■ Work item:
The output must start at the line containing "講演会終了後には,さらに質問" in the records below and stop at the last line, matching each line exactly and leaving out every picture.

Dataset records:
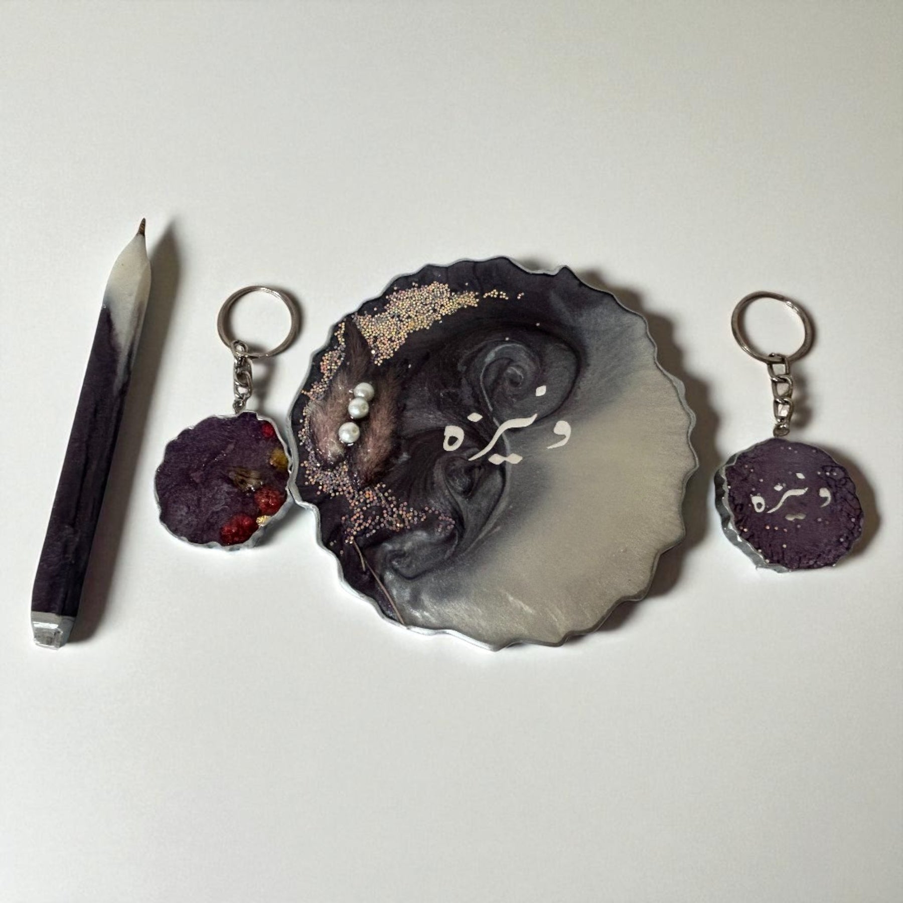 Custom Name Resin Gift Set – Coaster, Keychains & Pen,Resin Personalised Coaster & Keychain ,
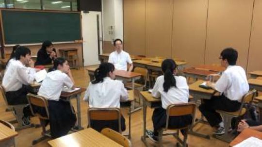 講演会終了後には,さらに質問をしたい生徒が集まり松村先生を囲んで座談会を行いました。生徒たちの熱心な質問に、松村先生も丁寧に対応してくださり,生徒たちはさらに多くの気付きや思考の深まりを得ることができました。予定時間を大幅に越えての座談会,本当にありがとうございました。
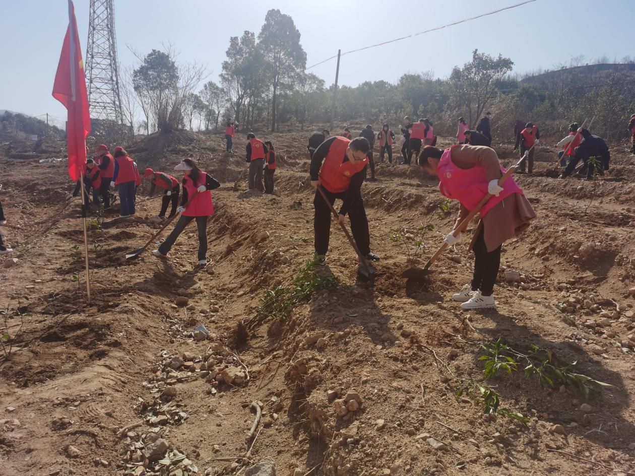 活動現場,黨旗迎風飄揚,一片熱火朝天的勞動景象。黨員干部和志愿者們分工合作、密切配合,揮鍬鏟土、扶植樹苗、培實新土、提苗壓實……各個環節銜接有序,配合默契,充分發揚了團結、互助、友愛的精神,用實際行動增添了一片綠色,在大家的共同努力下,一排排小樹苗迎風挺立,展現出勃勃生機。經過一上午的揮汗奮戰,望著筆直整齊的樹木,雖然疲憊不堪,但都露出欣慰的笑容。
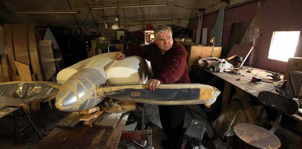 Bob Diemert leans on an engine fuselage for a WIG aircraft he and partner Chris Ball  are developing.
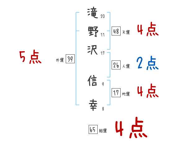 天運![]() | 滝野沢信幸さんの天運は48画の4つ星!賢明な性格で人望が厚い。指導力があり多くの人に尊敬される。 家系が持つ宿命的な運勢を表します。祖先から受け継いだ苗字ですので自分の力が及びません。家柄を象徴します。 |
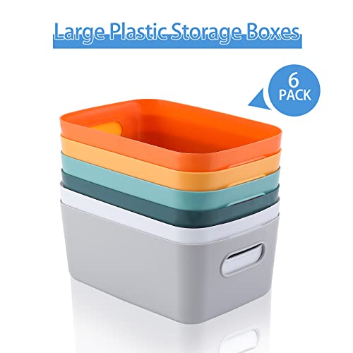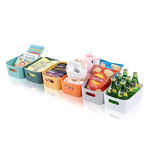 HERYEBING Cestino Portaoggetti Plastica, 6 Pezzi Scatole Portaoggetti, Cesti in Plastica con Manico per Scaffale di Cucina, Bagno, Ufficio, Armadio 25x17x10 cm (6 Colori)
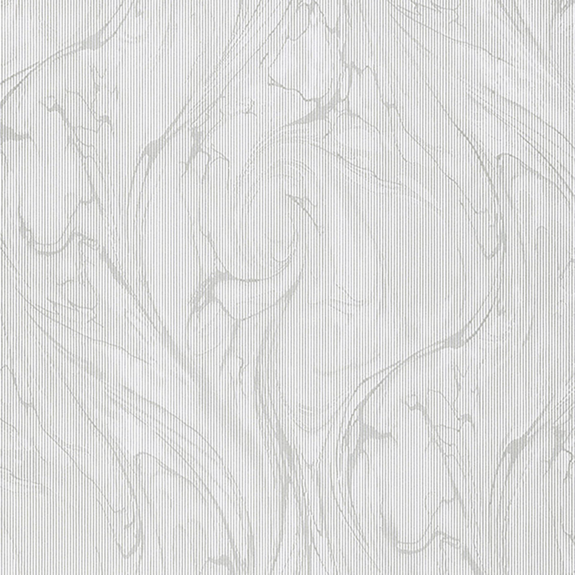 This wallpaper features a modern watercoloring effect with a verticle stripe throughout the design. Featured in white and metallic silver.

■ Answer area:
 講演会終了後には,さらに質問をしたい生徒が集まり松村先生を囲んで座談会を行いました。生徒たちの熱心な質問に、松村先生も丁寧に対応してくださり,生徒たちはさらに多くの気付きや思考の深まりを得ることができました。予定時間を大幅に越えての座談会,本当にありがとうございました。
 活動現場,黨旗迎風飄揚,一片熱火朝天的勞動景象。黨員干部和志愿者們分工合作、密切配合,揮鍬鏟土、扶植樹苗、培實新土、提苗壓實……各個環節銜接有序,配合默契,充分發揚了團結、互助、友愛的精神,用實際行動增添了一片綠色,在大家的共同努力下,一排排小樹苗迎風挺立,展現出勃勃生機。經過一上午的揮汗奮戰,望著筆直整齊的樹木,雖然疲憊不堪,但都露出欣慰的笑容。
 Bob Diemert leans on an engine fuselage for a WIG aircraft he and partner Chris Ball  are developing.
 天運![]() | 滝野沢信幸さんの天運は48画の4つ星!賢明な性格で人望が厚い。指導力があり多くの人に尊敬される。 家系が持つ宿命的な運勢を表します。祖先から受け継いだ苗字ですので自分の力が及びません。家柄を象徴します。 |
 HERYEBING Cestino Portaoggetti Plastica, 6 Pezzi Scatole Portaoggetti, Cesti in Plastica con Manico per Scaffale di Cucina, Bagno, Ufficio, Armadio 25x17x10 cm (6 Colori)
 This wallpaper features a modern watercoloring effect with a verticle stripe throughout the design. Featured in white and metallic silver.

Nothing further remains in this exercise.